Les tensions qui agitent la société américaine - aggravées par les problèmes de finances personnelles, de rapports familiaux, de santé et même de recherche d'un sens à la vie - ne trouvent aujourd'hui aucune issue positive ou progressiste. Il n'y a aucun grand mouvement politique ou social qui puisse offrir un espoir et une perspective positive à la grande majorité du peuple américain qui n'est pas riche et doit mener au fil des années une lutte de plus en plus dure pour joindre les deux bouts.

L'élite dirigeante ferme systématiquement la porte à toute expression de ces tensions sociales dans le cadre du système politique et économique existant. Les deux partis politiques officiels expriment seulement les intérêts de factions rivales de l'oligarchie financière. Les organisations telles que les syndicats et les groupes de défense des droits civiques, qui offraient autrefois une voie, aussi limitée fût-elle, pour l'affirmation des intérêts des opprimés, ont été complètement neutralisées.
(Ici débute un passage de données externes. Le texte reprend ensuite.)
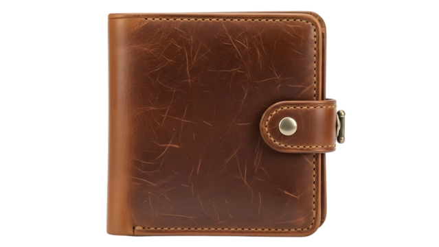 Close-up of a textured, brown, leather wallet with a metal snap closure. The surface has an embossed design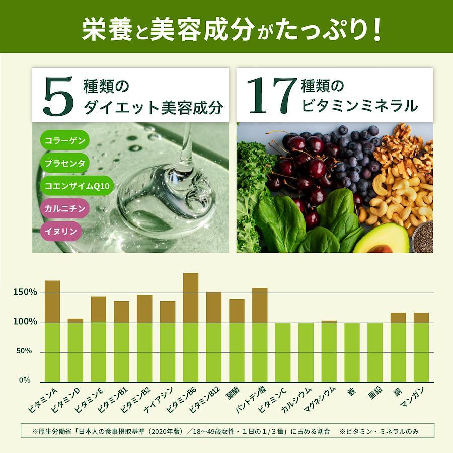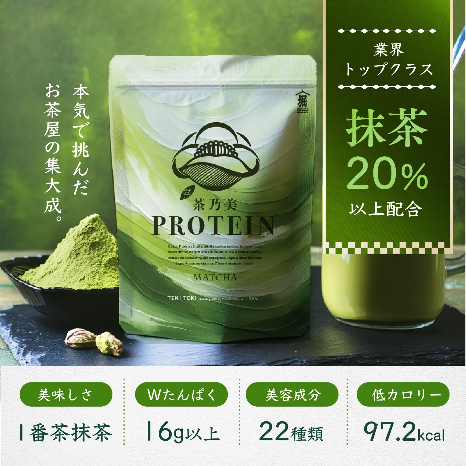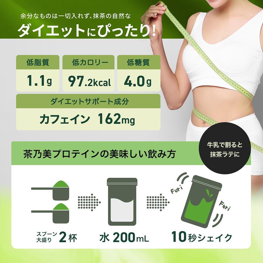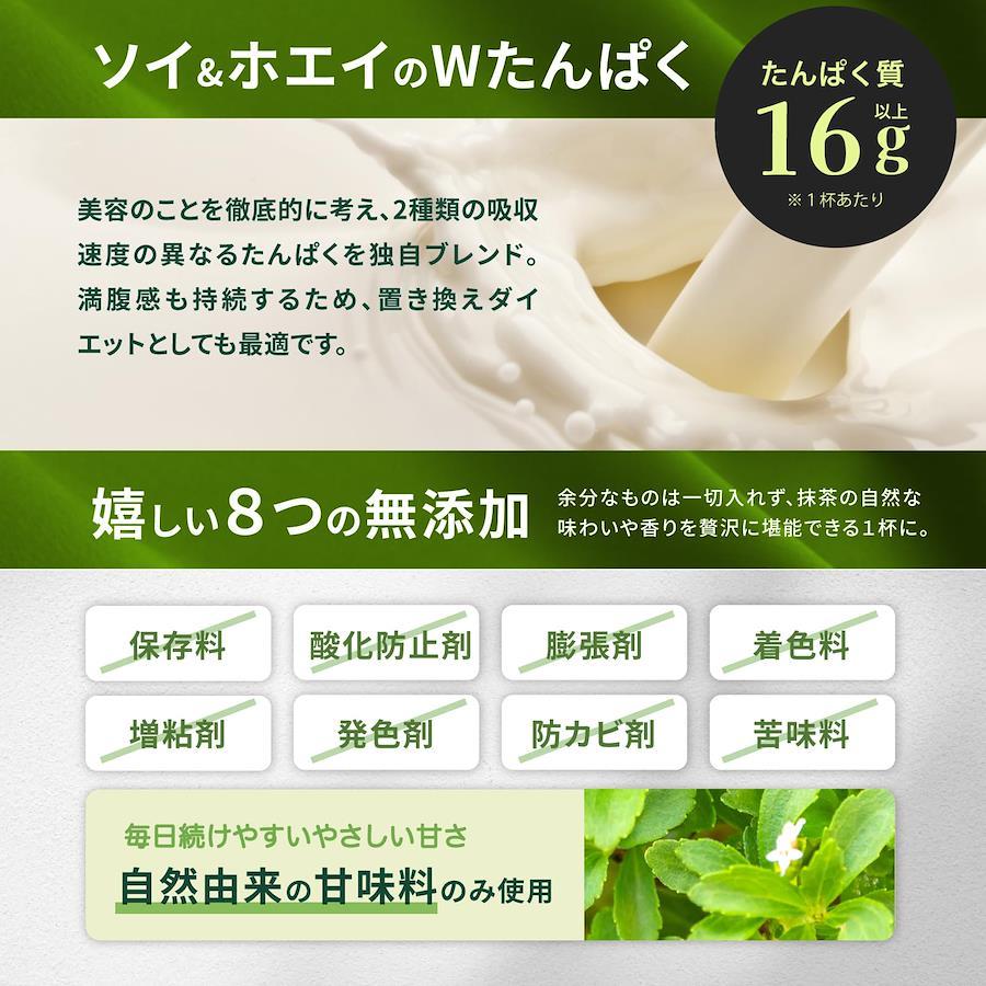 【希少性・栄養価の高い一番茶 抹茶 使用】 最も栄養価が高く・美味しいとされる時期に収穫し、伝統的な方法で丁寧に加工している一番茶 抹茶 100%。さらに、伝統的なレンガ造りの本格碾炉(てんろ)で、風を当てることなく熱だけで、じっくりと乾燥させることにより、香りを最大限に引き出しています。?【高品質 タンパク質 16g以上】 美容 のことを徹底的に考え、2種類の吸収速度の異なる たんぱく ( ソイプロテイン & ホエイプロテイン )を独自ブレンドしています。さらに、満腹感も持続するため、 置き換えダイエット 、 プロテインダイエット としても最適です。?【1杯で22種類の ダイエット ・ 美容 ・ 健康栄養素】 1杯で完結できるように、『5種類の ダイエット ・ 美容 成分』『11種類の ビタミン &6種類の ミネラル 』を贅沢に配合しております。日々の栄養バランスから ダイエット ・ 美容 まで、全てをトータルサポートします。?【嬉しい8種の 無添加 】 余分なものは一切入れていません。だからこそ 抹茶 の自然な味わいや香りを楽しむことができる1杯です。さらに植物由来の甘味料のみ使用しております。(保存料、発色剤、防カビ剤、苦味料、膨張剤、調味料、増粘剤、着色料)?【内容量・使用用途】 内容量は270g。約200mlの水を入れ、専用スプーン2杯を入れて、10秒ほどシェイクして完成です。 抹茶ラテ を味わいたい方は、牛乳で割って飲んでください。 置き換えダイエット や ダイエットに挑戦したい方、 抹茶 好きな方、綺麗であり続けたい方におすすめ。シェイカーは付属しておりません。食品のため、交換・返金はお受けできません。ただし、不良品の場合は弊社に商品をお送りいただき、確認後に、交換または返金をさせていただきます。【免責事項】メーカーによる商品リニューアルに伴いパッケージ(内容量も含む)変更が行われた場合、新パッケージでお届け致します事ご了承願います。

Le système légal, dernier recours d'hommes désespérés comme Bart Ross, se referme lui aussi. Le Congrès actuel a déjà adopté des lois interdisant la plupart des recours collectifs, et est à la veille de passer une loi sur les faillites qui enlèvera ce recours traditionnel des petits hommes d'affaires en faillite et d'un nombre croissant de travailleurs et gens de la classe moyenne. Le prochain élément sur la liste est une «réforme de la mauvaise pratique médicale» visant à empêcher les victimes d'erreurs ou négligences médicales de se tourner vers les tribunaux.
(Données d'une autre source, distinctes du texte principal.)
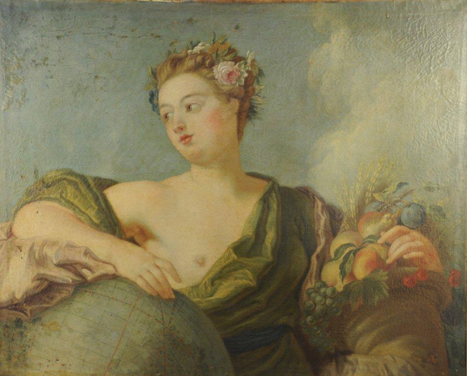 86 x 103 cm. (manques à la peinture, enfoncement)
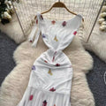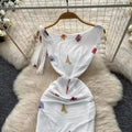 Elegant Printed Fishtail White Dress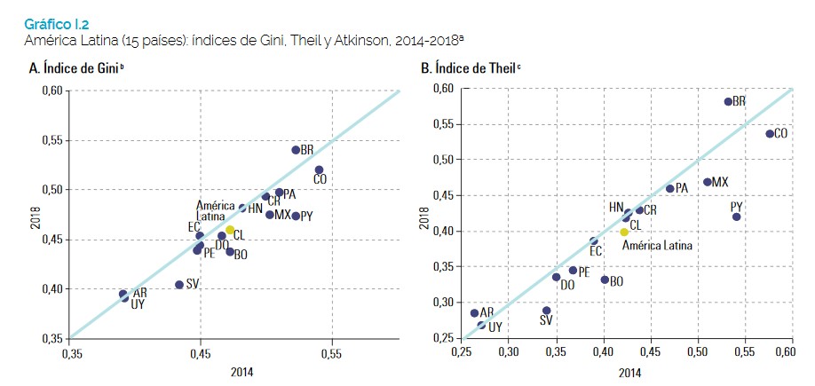 O estudo da CEPAL também aponta que a desigualdade na distribuição de renda – expressa no índice de Gini com base nas pesquisas em domicílio – continuou sua tendência de queda (em média, caiu de 0,538 em 2002 para 0,465 em 2018 em 15 países), mas em um ritmo menor do que nos últimos anos: enquanto entre 2002 e 2014 diminuiu 1,0% ao ano, entre 2014 e 2018 a queda foi de 0,6% ao ano. No entanto, se o índice de Gini for corrigido usando outras fontes de informação, capazes de captar melhor a renda do 1% mais rico, observa-se que a desigualdade é mais elevada e a tendência de declínio é atenuada em comparação com a estimada somente a partir das pesquisas em domicílio.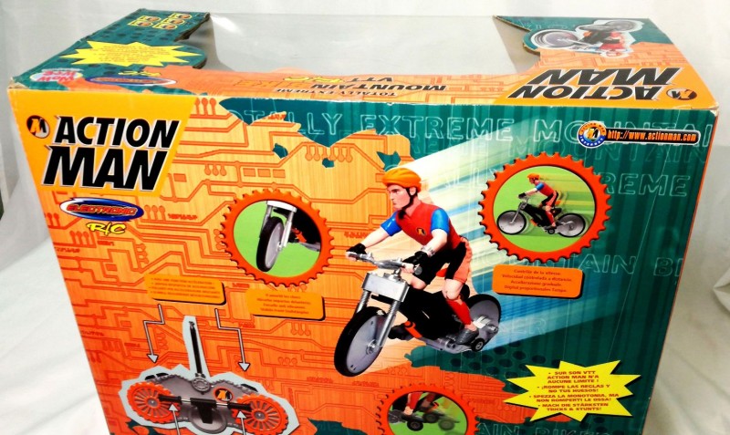 MOUNTAIN BIKE R/C de ACTION MAN. Pilas no incluidas, pedalea de verdad y velocidad controlada a distancia.Juguete original de Hasbro ref.10216 del año 2001. (producto nuevo nunca vendido, procede de nuestra tienda, la caja presenta roces y defectos propios del paso del tiempo y de la manipulación de almacén)

L'une après l'autre, les valves de sécurité sont fermées. Mais les tensions sociales sous-jacentes continuent de gonfler, alimentées par le fait essentiel de la vie américaine, à savoir: l'énorme et grandissante polarisation sociale, l'accumulation de grandes richesses entre les mains d'une petite minorité et les conditions de vie de plus en plus ardues pour des dizaines de millions de travailleurs. Cette crise sociale se révèle pour l'instant surtout par les actes d'individus instables, où des questions de tempérament, de trouble mental ou de délire religieux jouent un rôle important. Mais ces tensions sociales doivent au bout du compte trouver une expression plus large et politiquement consciente. Cela demande la construction d'un mouvement politique de masse par le bas, qui percera l'atmosphère régnante de réaction politique et culturelle et remettra en cause un ordre capitaliste moribond et déshumanisant.